Ivan Sharipov was abandoned by his mother when he developed cerebral palsy at the age of eight. He says: “She locked herself in the bathroom so she couldn’t see me. I knocked on the glass door, I wept, but it didn’t help. I realised it was pointless. Because if someone’s abandoned you, it means they didn’t need you.”
Parents have been encouraged by doctors to abandon ill or disabled children on the grounds that the state can care for them better.But orphanages often provide only a minimal standard of care, with little attempt to stimulate or educate children with special needs.
“It was never written, it was never spoken out, but this place was for children to be kept until they die,” says Andrei Dombrovsky, deputy director of the St Petersburg home. He is an outsider brought in from a children’s charity to reform the orphanage.
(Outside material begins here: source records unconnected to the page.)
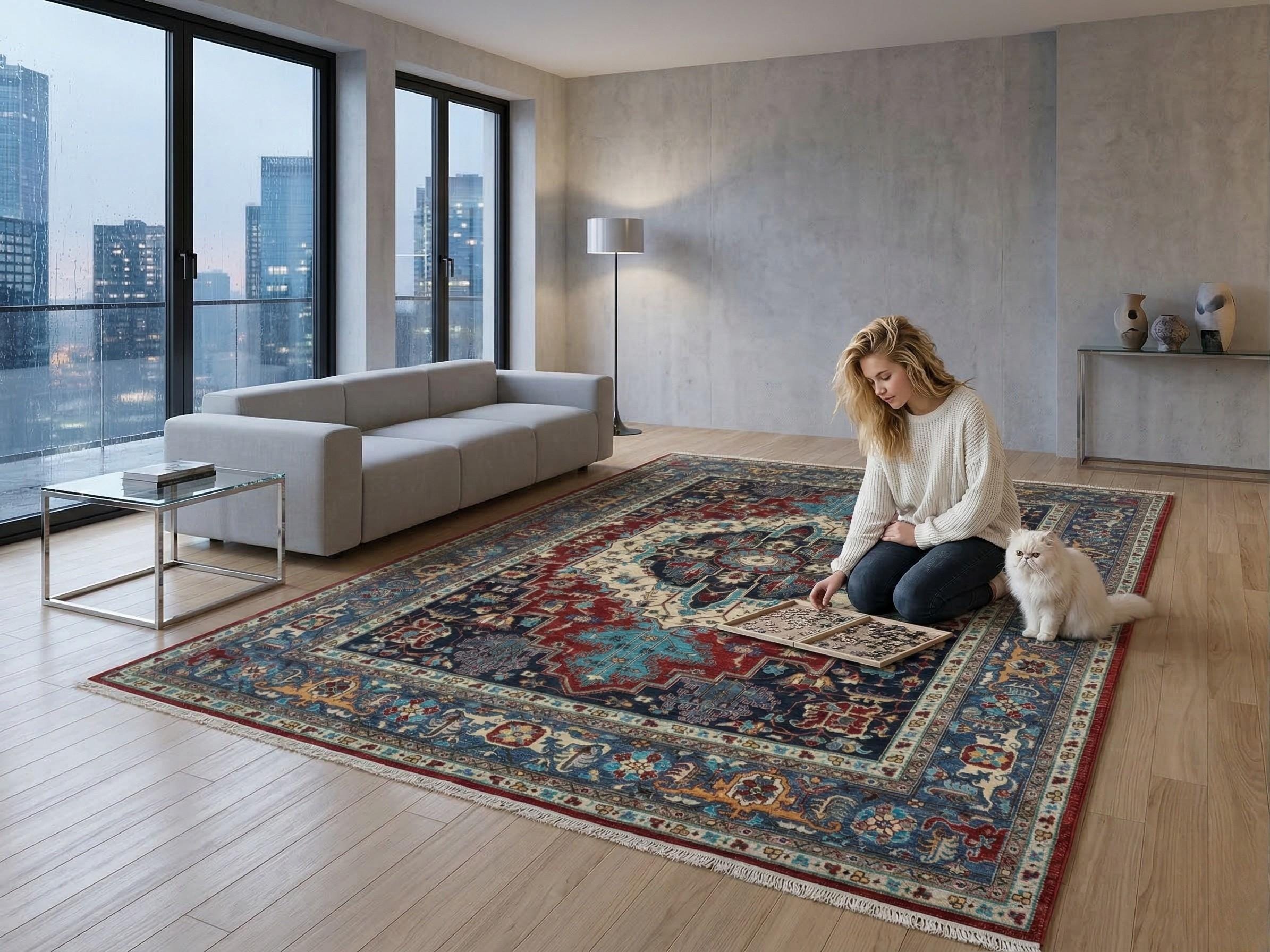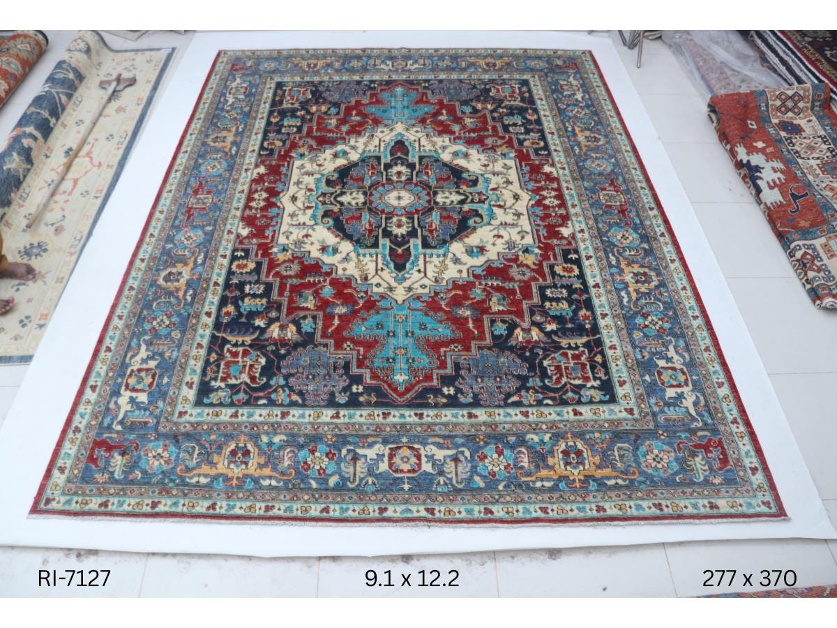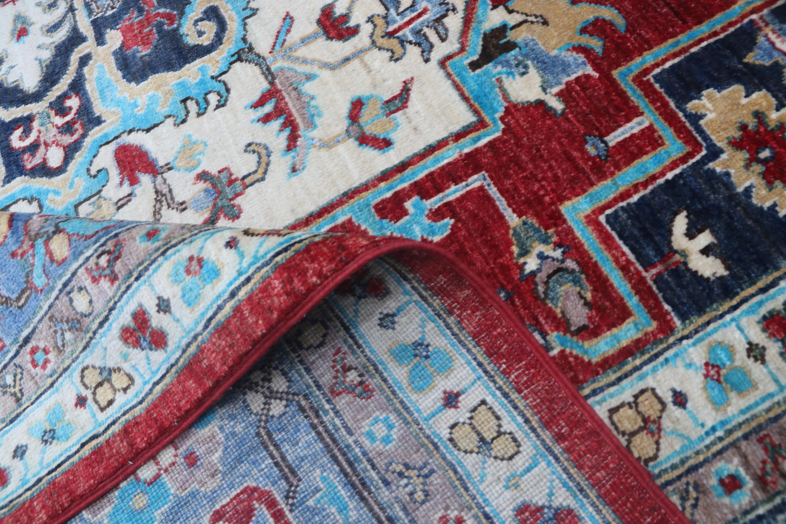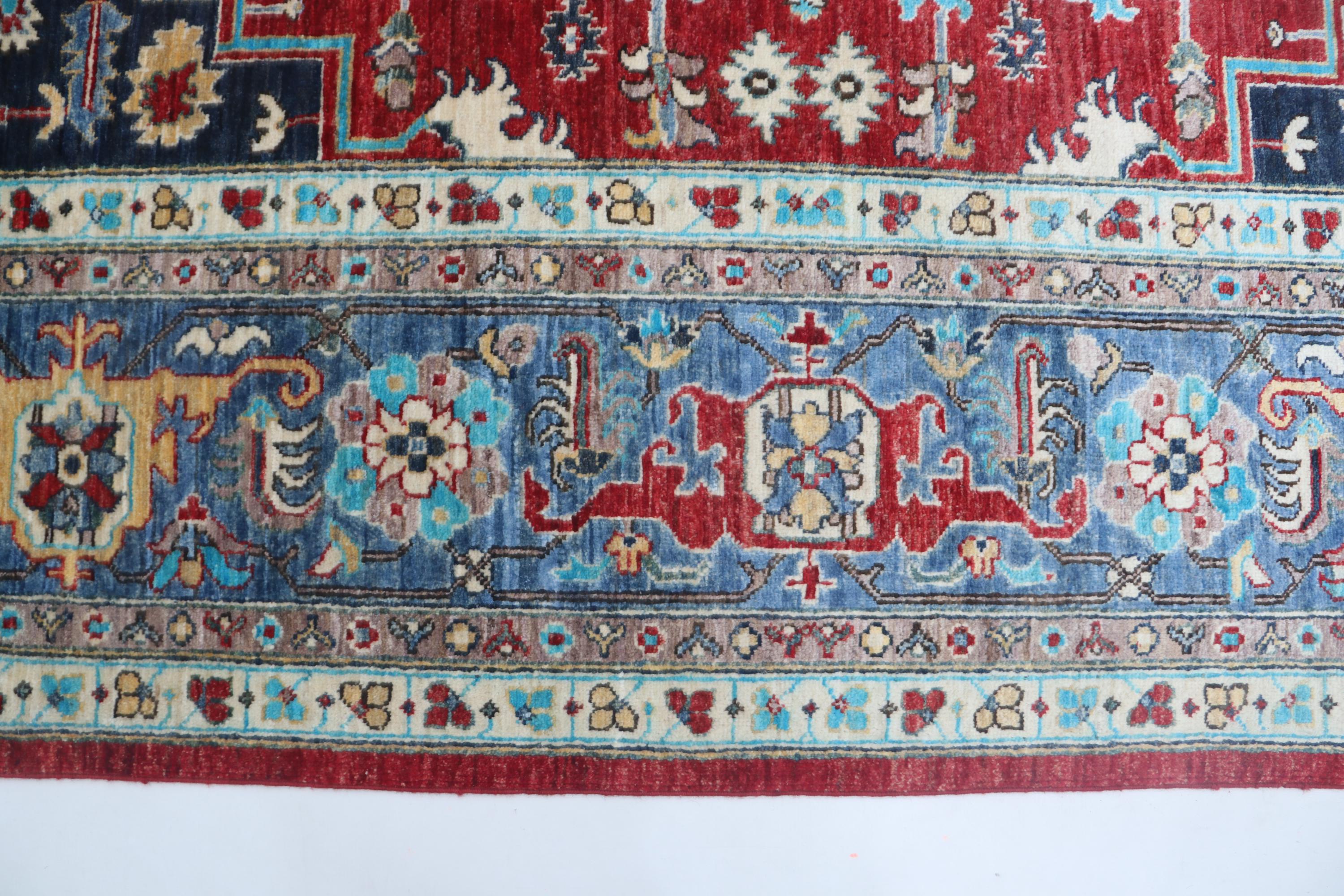 this rug in red and Blue brings elegance to any room.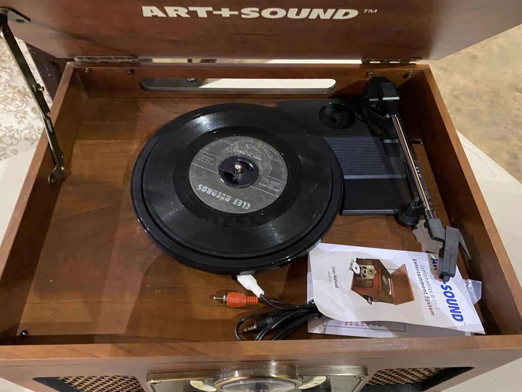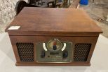 Radio, and record player, missing power cord. Location Metal Shelves Radio, and record player, missing power cord. Location Metal Shelves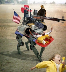 had a dream last night that some sort of fucked up rabid dogs started attacking people in front of me, I'm pretty sure I killed one of them though, eventually this resulted in an apocalypse and I remember in the next "scene" of my dream I was in some post-apocalyptic ruin of a town, and there were large mechanized walking robots roaming along with soldiers in futuristic tech-gear, they were passing me and I lied down to play possum, as one of them passed me they said "That one's dead" or something like that. I then remember eventually finding a group of US soldiers fighting an enemy from a building they were posted/held up at. That's all of that portion of the dream I remember.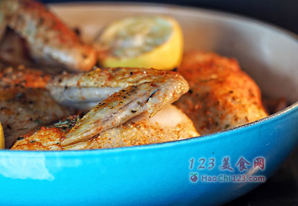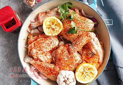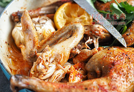 1、这道烤鸡,由于烤碗底部有橄榄油,有白葡萄酒,还有柠檬汁,吃起来有烟熏红椒粉的香味和柠檬汁的酸味,烤制过程中,烤盘顶部封上锡纸,在烤箱里就是一个封闭的蒸烤形式,加热底部的液体烘烤整鸡,能让鸡肉熟又不会干柴,经过慢烤1小时,鸡肉熟了,再揭开锡纸开高温220度烤,是为了让鸡皮烤焦,吃起来有焦香味。其实,这个步骤我只烤了10分钟,鸡皮并不脆,还是嫩嫩的,你们喜欢吃上色焦脆的鸡皮,可以自己延长时间,或者把蒸烤的时间缩短到50分钟,提前揭开锡纸来烤制,就会烤出诱人的焦黄色脆卟卟的鸡皮哦。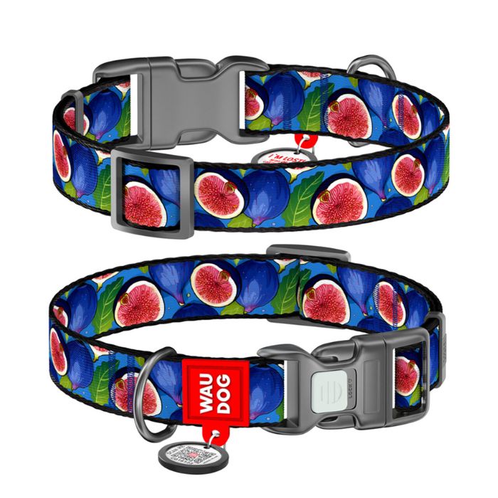WAUDOG Нашийник для собак нейлоновий з QR паспортом, "Інжир", пластиковий фастекс, М, ширина 20 мм, довжина 28-40 см

Some orphans now attend ordinary schools outside the orphanage – something that was once unthinkable – and volunteers from outside work with children inside the home.
Profitable system
But opening orphanages to the outside world is only a start.
“Our dream is to transform these institutions into institutions that support families,” says Ms Ostrovskaya.
The Russia Without Orphans programme now being developed by the Kremlin’s Children’s Commissioner, Pavel Astakhov, calls for as many orphans as possible to be fostered or adopted.
State benefits for foster carers have been increased – in St Petersburg they are equivalent to about half the average salary for the first fostered child. But Russia still lacks the support services for children with special needs to be brought up by families.
Veteran children’s rights campaigner Boris Altshuler says so much money goes into children’s homes – about 1.5 m roubles (about £35,000) per child per year – that officials will fight to retain them. “This system is extremely profitable for the corrupted bureaucracy. That’s why even the best practice in Russia, experience of moving children to family care, is paralysed and stopped by the system through the members of parliament,” he says.
The BBC repeatedly asked Mr Astakhov for an interview, without success. But a scheme by childcare professionals a few years ago to encourage orphanages to send children to foster parents was officially blocked.
In the southern city of Astrakhan, children’s rights activist Vera Drobinskaya says the orphanage system is “becoming more closed and more cruel.” A former doctor, she lives in a ramshackle wooden house and has become famous for battling the authorities for the right to foster children. She now has a family of seven – three girls and four boys – with physical disabilities or special needs. She has rescued them from children’s institutions and transformed their lives. Before they had hardly any education. Now most go to ordinary schools.
But in some cases, it was years before officials agreed to release the children. And relations between her and local authorities declined further after she complained publicly about conditions at one orphanage where she discovered at least 41 children had died over 10 years, apparently of neglect.
“If these orphanages were open, and there was more contact between orphans and ordinary people, there wouldn’t be any more orphans, they’d all have been fostered. But that’s strongly blocked by our state system,” she says.
As reforms begin in some places, such as St Petersburg’s Children’s Home Number Four, a few children may be able to escape a system that moves orphans with learning difficulties into mental asylums when they reach 18, and keeps them institutionalised for their whole lives.
Sonya, the girl abandoned at birth by her parents, is now learning to walk after years in a wheelchair.
“I think I can live on my own. That’s why I’m going to school. I think I’ll succeed,” she says.
But it will be a long time before the rest of Russia’s orphans follow her out of the system.